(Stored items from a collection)
- - - -
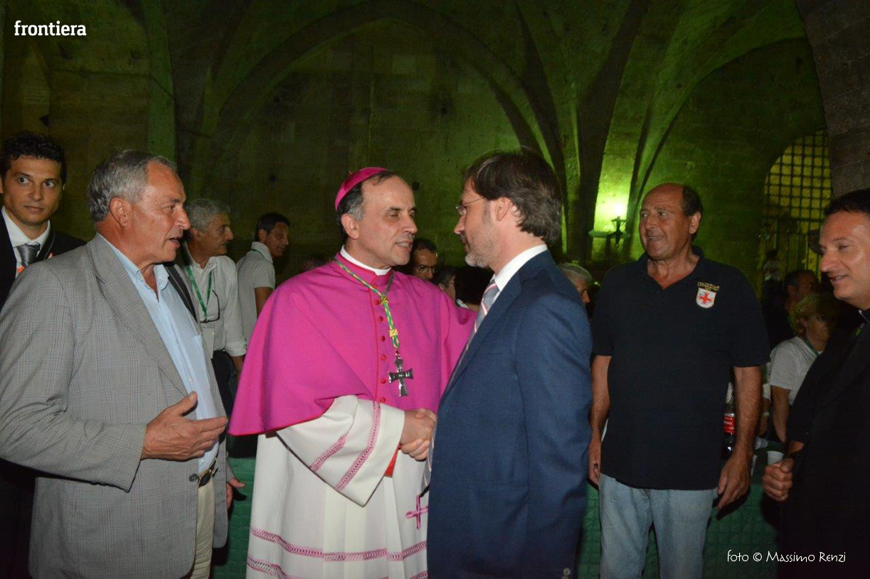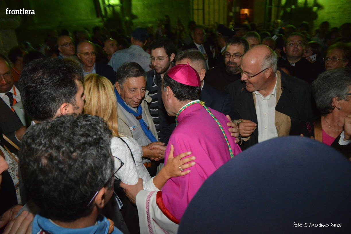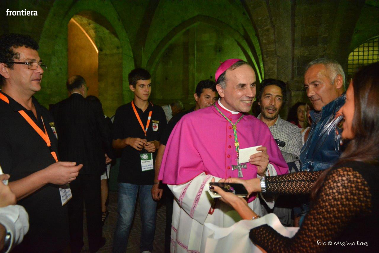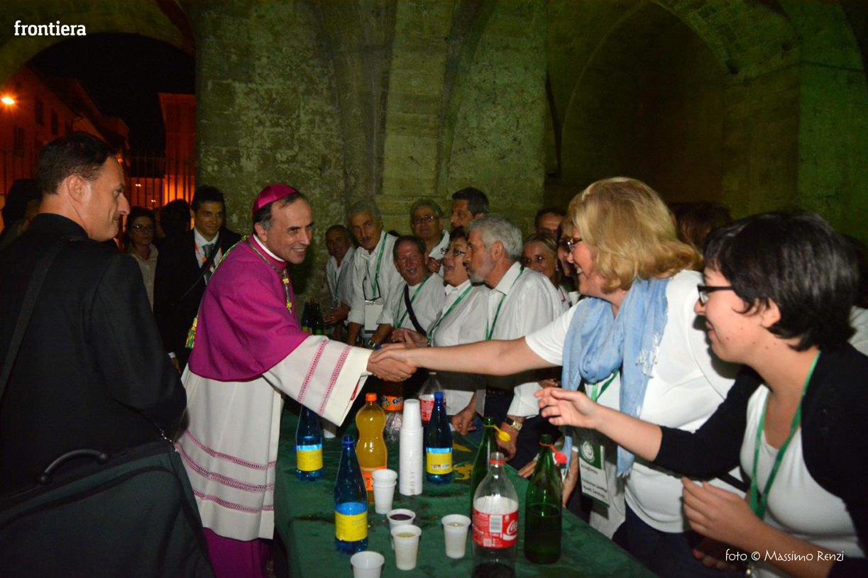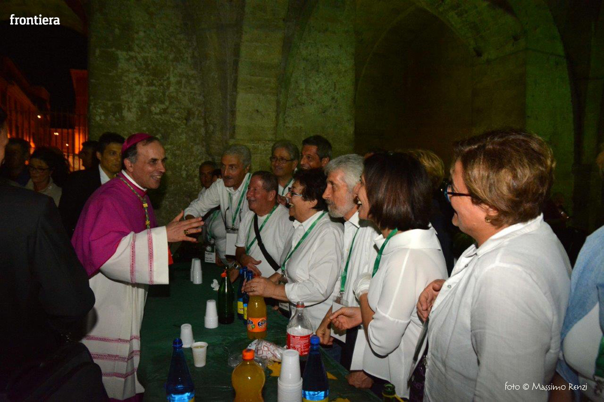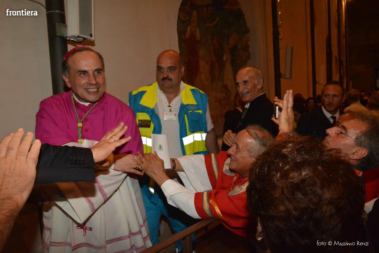 Ha avuto un abbraccio e una parola, una stretta di mano e un momento d’ascolto per ognuna delle persone che l’hanno voluto salutare sotto gli archi del Vescovado. È lo stile di don Domenico: quello di insegnare il Vangelo con l’esempio. Al termine della cerimonia della sua ordinazione episcopale aveva ricordato alla comunità cristiana la necessità di aprire i cuori, di ricercare il contatto, di costruire ponti, e non ha mancato di incarnare immediatamente quello slancio, di risolvere da subito l’invito nel gesto. Una necessità dell’anima, una disciplina del cuore che si riempie di tenerezza quando si rivolge ai malati, ai poveri, a chi affronta nel modo più duro le difficoltà della vita. Lo si è visto nella chiesa di San Domenico al fianco dei malati assistiti dall’Unitalsi e all’ospedale provinciale, in una visita che ha portato il vescovo alla scoperta dei ricoverati di tanti reparti. L’incontro, la partecipazione e la ricerca di unità come primo tratto dell’episcopato.
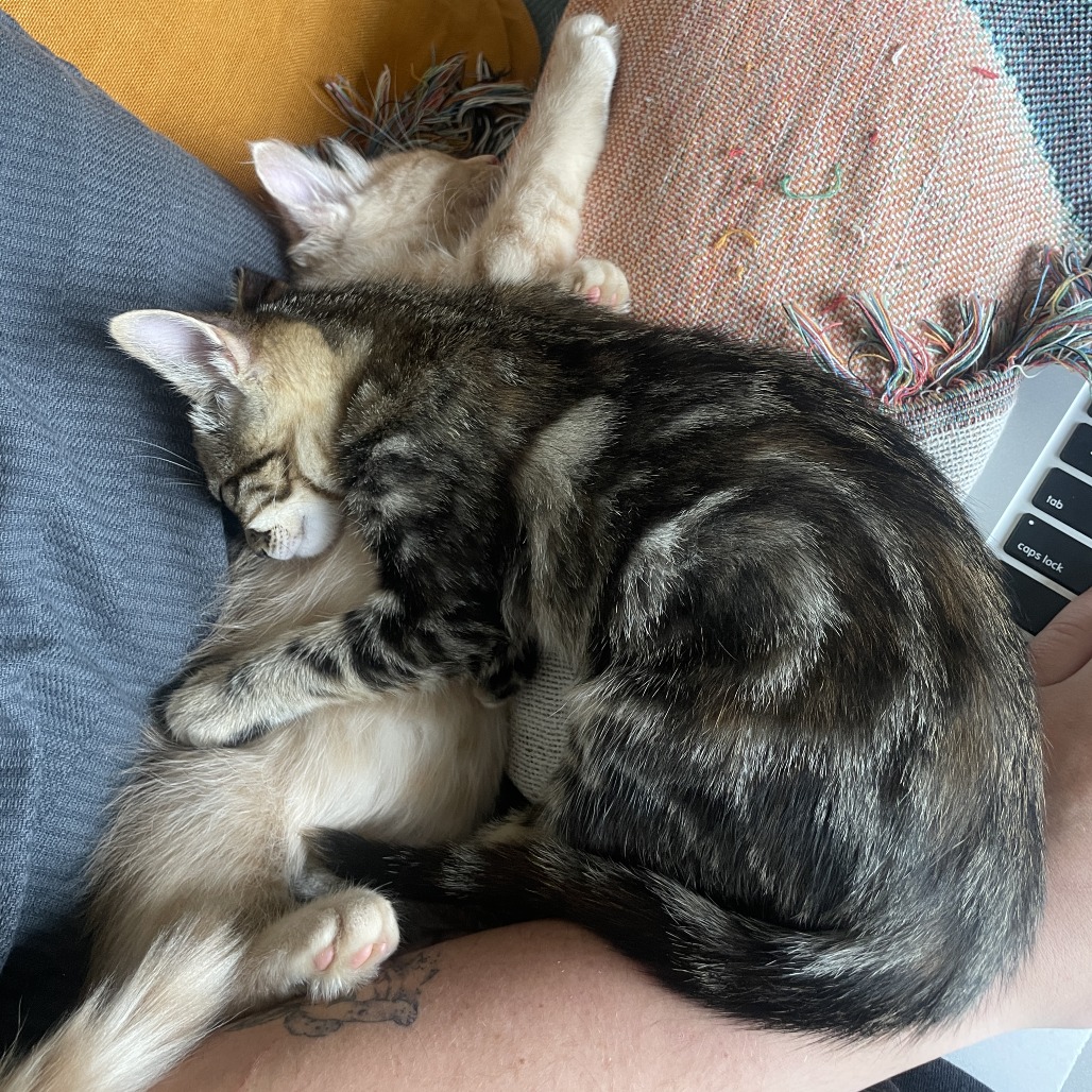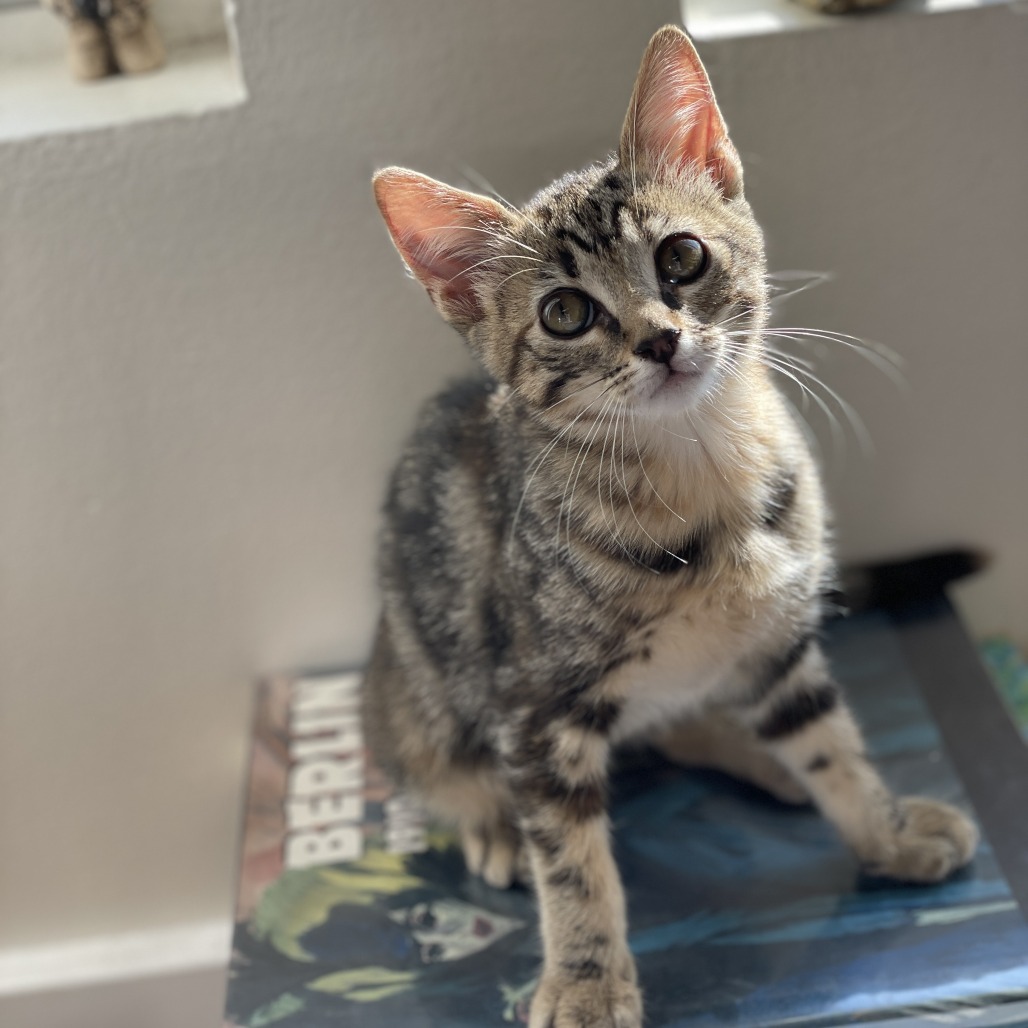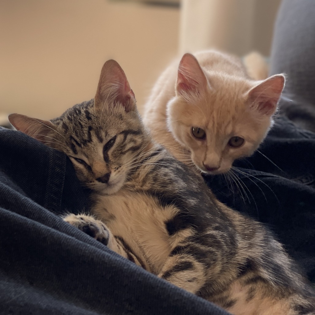 Zara brings pure joy and comic energy into any home, often laugh-out-loud funny. After mealtime, she ricochets from couch to floor and back again with lightning speed, turning the whole room into her personal stage. The moment she finishes her antics, she collapses into your arms or curls up between your neck and chin, determined to get as close as possible to any human who offers affection. She’s a certified lovebug and often falls asleep on her back with her limbs flopped open, chirping happily as she asks for more pets — like the princess she is. She radiates trust and sweetness, and she makes every snuggle session feel like an honor. Zara stays devoted to her brother and best friend, Ajax, KRLA-A-86971. The two spend most afternoons curled together in a cozy, sunlit pile, grooming each other or rolling into shared naps. She’s chatty and absolutely lights up when you talk to her. If you let her, she’ll literally sleep next to your face all night. Please contact the foster at rose.c.maggie@gmail.com
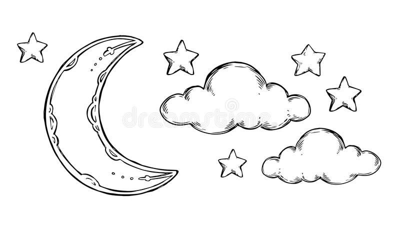 Луна и звезды срисовать
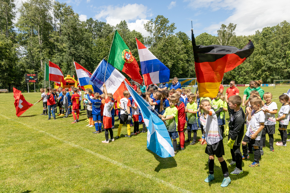 Nachdem das Regenradar immer wieder beobachtet wurde, ging es mit etwas Verzögerung um 9:30 Uhr endlich los – die Bambini-Mannschaften liefen mit Nationalflagge zum EM-Song „Fire“ ins Stadion ein. Ein Gänsehautmoment, nicht nur für die Spielerinnen und Spieler, sondern auch für die vielen Eltern und Fans am Spielfeldrand. Die Eltern unserer Ehrenhainer Mannschaft staunten nicht schlecht, als sie ihre Kinder plötzlich in Trikots mit den Farben Schottlands aus der Kabine kommen sahen. Stolz trugen die kleinen „Bravehearts“ die Fahne und Farben. Auch andere Mannschaften traten in Farben der von ihr vertretenen Nation an, was die EM-Stimmung perfekt machte.
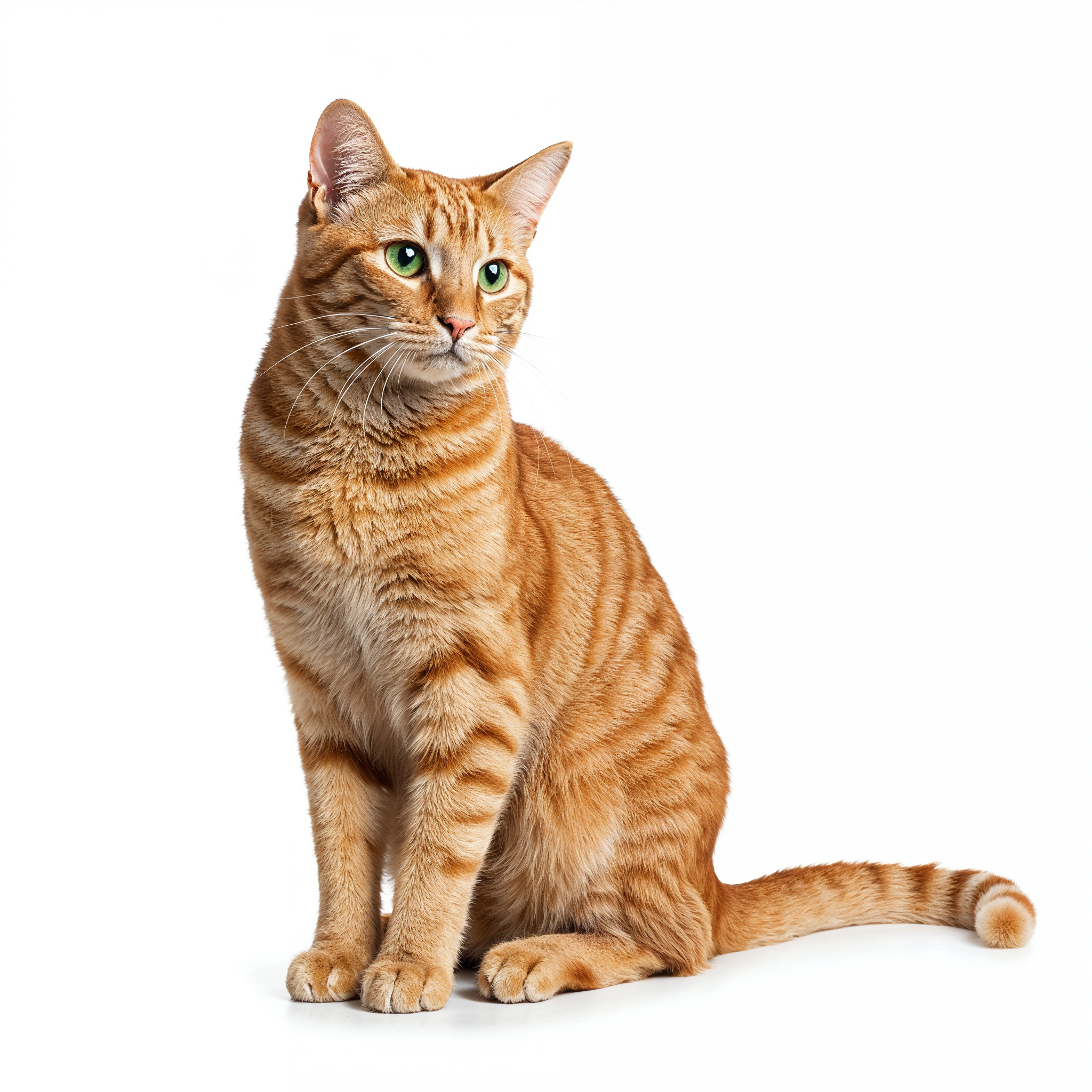 An orange tabby cat with green eyes sits upright on a white background. Its fur features bold dark stripes on a light orange coat. The cat gazes forward attentively with perked ears.
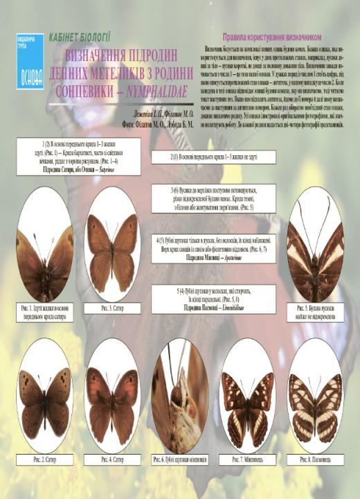 Два кольорових плаката для використання в якості демонстраційного матеріалу на уроках біології. Визначник базується на комплексі певних ознак будови комах. Кожна ознака, яка використовується для визначення, існує у двох протилежних станах, наприклад, крила темні або крила прозорі. Всі ознаки ілюстровані оригінальними фотографіями, які значно полегшують роботу. До кожної родини надається дві-три фотографії представників.
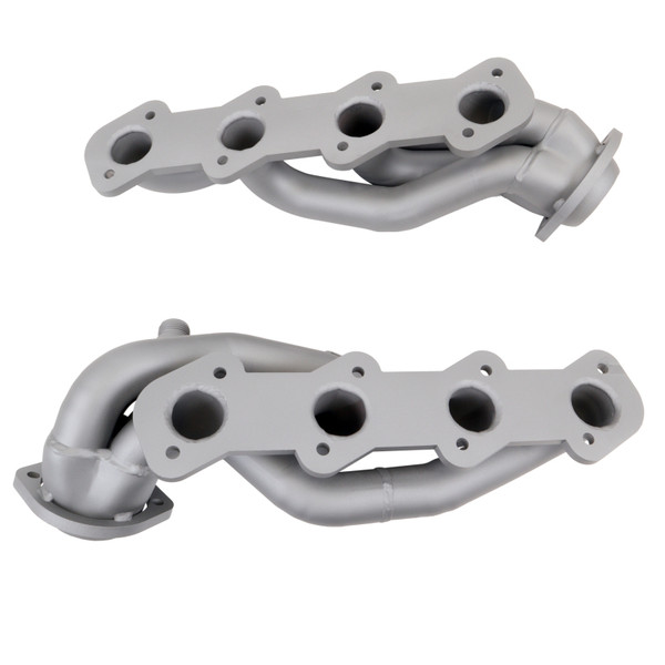 These BBK Performance shorty tuned Length exhaust Headers are designed and constructed as direct fit replacements for all 99-04 Ford 5.4L F150 truck applications. Each header is manufactured with 1-5/8 in. CNC mandrel bent tubing that offers unrestricted exhaust flow for increased horsepower and torque over factory OEM manifolds. BBK tuned Length headers offer improved scavenging waves for better combustion, which leads to improved performance and fuel economy over stock or equal Length headers. As with all BBK Performance exhaust headers they feature a 3/8 in. laser cut flange for additional strength and a guaranteed leak free fit. All headers are robotically and precision hand welded and then pressure tested to ensure years of reliability and performance in the real world. All BBK exhaust headers are available in a bright chrome or polished silver ceramic coated finish and include new exhaust header gaskets, header bolts and hardware to complete the installation. 50 State Legal - CARB APPROVED
- - - -
Reproduce every entry above exactly, and omit the pictures.

 Ha avuto un abbraccio e una parola, una stretta di mano e un momento d’ascolto per ognuna delle persone che l’hanno voluto salutare sotto gli archi del Vescovado. È lo stile di don Domenico: quello di insegnare il Vangelo con l’esempio. Al termine della cerimonia della sua ordinazione episcopale aveva ricordato alla comunità cristiana la necessità di aprire i cuori, di ricercare il contatto, di costruire ponti, e non ha mancato di incarnare immediatamente quello slancio, di risolvere da subito l’invito nel gesto. Una necessità dell’anima, una disciplina del cuore che si riempie di tenerezza quando si rivolge ai malati, ai poveri, a chi affronta nel modo più duro le difficoltà della vita. Lo si è visto nella chiesa di San Domenico al fianco dei malati assistiti dall’Unitalsi e all’ospedale provinciale, in una visita che ha portato il vescovo alla scoperta dei ricoverati di tanti reparti. L’incontro, la partecipazione e la ricerca di unità come primo tratto dell’episcopato.
 Zara brings pure joy and comic energy into any home, often laugh-out-loud funny. After mealtime, she ricochets from couch to floor and back again with lightning speed, turning the whole room into her personal stage. The moment she finishes her antics, she collapses into your arms or curls up between your neck and chin, determined to get as close as possible to any human who offers affection. She’s a certified lovebug and often falls asleep on her back with her limbs flopped open, chirping happily as she asks for more pets — like the princess she is. She radiates trust and sweetness, and she makes every snuggle session feel like an honor. Zara stays devoted to her brother and best friend, Ajax, KRLA-A-86971. The two spend most afternoons curled together in a cozy, sunlit pile, grooming each other or rolling into shared naps. She’s chatty and absolutely lights up when you talk to her. If you let her, she’ll literally sleep next to your face all night. Please contact the foster at rose.c.maggie@gmail.com
 Луна и звезды срисовать
 Nachdem das Regenradar immer wieder beobachtet wurde, ging es mit etwas Verzögerung um 9:30 Uhr endlich los – die Bambini-Mannschaften liefen mit Nationalflagge zum EM-Song „Fire“ ins Stadion ein. Ein Gänsehautmoment, nicht nur für die Spielerinnen und Spieler, sondern auch für die vielen Eltern und Fans am Spielfeldrand. Die Eltern unserer Ehrenhainer Mannschaft staunten nicht schlecht, als sie ihre Kinder plötzlich in Trikots mit den Farben Schottlands aus der Kabine kommen sahen. Stolz trugen die kleinen „Bravehearts“ die Fahne und Farben. Auch andere Mannschaften traten in Farben der von ihr vertretenen Nation an, was die EM-Stimmung perfekt machte.
 An orange tabby cat with green eyes sits upright on a white background. Its fur features bold dark stripes on a light orange coat. The cat gazes forward attentively with perked ears.
 Два кольорових плаката для використання в якості демонстраційного матеріалу на уроках біології. Визначник базується на комплексі певних ознак будови комах. Кожна ознака, яка використовується для визначення, існує у двох протилежних станах, наприклад, крила темні або крила прозорі. Всі ознаки ілюстровані оригінальними фотографіями, які значно полегшують роботу. До кожної родини надається дві-три фотографії представників.
 These BBK Performance shorty tuned Length exhaust Headers are designed and constructed as direct fit replacements for all 99-04 Ford 5.4L F150 truck applications. Each header is manufactured with 1-5/8 in. CNC mandrel bent tubing that offers unrestricted exhaust flow for increased horsepower and torque over factory OEM manifolds. BBK tuned Length headers offer improved scavenging waves for better combustion, which leads to improved performance and fuel economy over stock or equal Length headers. As with all BBK Performance exhaust headers they feature a 3/8 in. laser cut flange for additional strength and a guaranteed leak free fit. All headers are robotically and precision hand welded and then pressure tested to ensure years of reliability and performance in the real world. All BBK exhaust headers are available in a bright chrome or polished silver ceramic coated finish and include new exhaust header gaskets, header bolts and hardware to complete the installation. 50 State Legal - CARB APPROVED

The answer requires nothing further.